Our study has limitations that should be acknowledged. First, it was a retrospective study performed at one institution. Second, most lesions that were included were diagnosed based on currently accepted imaging and clinical criteria rather than histopathologic workup. Third, the number of lesions, particularly that of non-adenomatous nodules, is small, which is why our results should be confirmed in a larger-scale investigation. Fourth, the proposed adjusted VUE threshold we derived from our study data should be tested in an independent cohort before being applied clinically. Last, the results we found only apply to the DECT technology we investigated i.e. dlDECT. It is known that there is a certain degree of inter-scanner variability which limits generalizability of the results we found to other DECT scanner types.

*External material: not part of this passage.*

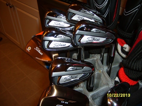 Well today my golf pro at my country club called me to come and pick up my irons and wedges. I was fitted on the 11th of Nov, so less than 2 weeks to show up. I already purchased the new 913D2 driver and 913F fairway woods both 3 and 5, and the 913H 21* hybrid. I also have a 2013 California Monterey. I was all about TM R1 and Rocketbladez. But my Pro at the club I belong to is relatively a new hire from Nebraska and he is a Titleist Rep and certified fitter. So he came up with having 5 volunteers to become a Team Titleist rep for the club. So far I am the only one that has volunteered. I will receive my new Titleist cart bag stitched with my club name and logo and my nickname this Friday, then I will be fully equipped all Titleist. The driver is phenomenal and so is the fairway and hybrid. I can not wait until tomorrow to use the irons for the first time. I am a 12 hdcp and I went with the 714 AP2's and Vokey SM4 oil can wedges, 50/54/58. The Pro ordered the irons with DG SL S300 shafts with 2* upright. The woods all have the Diamana S62 and S72 Reg flex shafts. I am a disabled vet from the Iraq War and have serious neck and back injuries. I was before I got injured using all stiff shafts in my tms, but with my injuries I just could not use the stiff flex any longer. I was surprised that my Pro fitted me with stiff iron shafts vs my reg flex irons. But he expresses that it is necessary to use stiff flex due to my swing tempo. But my woods are to stay reg flex as I have a much slower and controled tempo with the woods. I have also switched the Pro V1x ball, that in itself was a smart move and experience vs my previous TM TP5 ball.

To conclude, virtual unenhanced images derived from detector based dual-layer dual-energy CT overestimated attenuation in the assessment of adrenal nodules, resulting in a limited sensitivity for the established 10 HU attenuation threshold. We propose an adjusted virtual unenhanced attenuation threshold of 22 HU for identifying lipid-rich adenomas which should be validated in future large cohort studies.